Après 400 ans d’histoire, le foin de Crau s’interroge sur son avenir

Après une perte de production de 30% l’an passé, consécutive à des restrictions d’irrigation, le Comité du foin de Crau s’interroge sur son avenir à la veille d’une saison mal engagée sur le front hydraulique.

« Le barrage de Serre-Ponçon est six mètres en-dessous de sa cote maximale, ce qui n’augure rien de bon pour la saison à venir », affirme Didier Tronc, directeur du Comité du foin de Crau. Plus grand lac artificiel d’Europe, Serre-Ponçon (Hautes-Alpes) réserve 200 millions de ses 1,27 milliard de m3 d’eau à l’agriculture, une quantité mobilisable entre le 1er juillet et le 30 septembre, et dont profite notamment les producteurs de foin de Crau (Bouches-du-Rhône).

« L’an passé, les restrictions d’irrigation ont entamé la production d’environ 30% », poursuit Didier Tronc, qui redoute un scénario identique cette année, alors que l’hiver en cours connaît, à l’échelle nationale, un épisode de sécheresse aussi inédit que critique.

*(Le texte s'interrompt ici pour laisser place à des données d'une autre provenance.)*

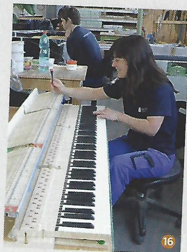
16. Réglage de piano à queue.

Le lac de Serre-Ponçon au niveau du pont de Savines-Le-Lac à la mi-février 2023 (Crédit photo : Comité du Foin de la Crau)
Le lac de Serre-Ponçon au niveau du pont de Savines-Le-Lac à la mi-février 2023 (Crédit photo : Comité du Foin de la Crau)

Un risque existentiel

Située 250 km en aval du lac, la plaine de le Crau réserve un quart de sa SAU, soit 13.500 ha à la production de foin, dont les deux tiers bénéficient de l’AOP Foin de la Crau, seule et unique AOC dans le domaine des fourrages, acquise en 1997. L’irrigation, encadrée dans le cahier des charges, est un élément intangible de la production, tant en quantité qu’en qualité. « Depuis le XVIème siècle, des canaux amènent l’eau de la Durance et ses alluvions dans la plaine de la Crau, indique Didier Tronc. Sur les terres irriguées, les limons déposés créent peu à peu un sol alluvionnaire riche en minéraux et en oligo-éléments, qui sont une des éléments de la qualité de notre foin ». Le Foin de la Crau, dépourvu de poussière, est très apprécié des équins ou encore des AOP laitières laitières des Alpes.

Les efforts de sobriété, que le Comité affirme avoir entrepris de longue date, ne suffiront pas pour juguler les tensions s’exacerbant autour de la ressource en eau. « Nous aimerions a minima être associés aux discussions qui entérinent les mesures de restriction », explique Didier Tronc. « On ne va pas arrêter une histoire de plus de 400 ans », veut-il croire.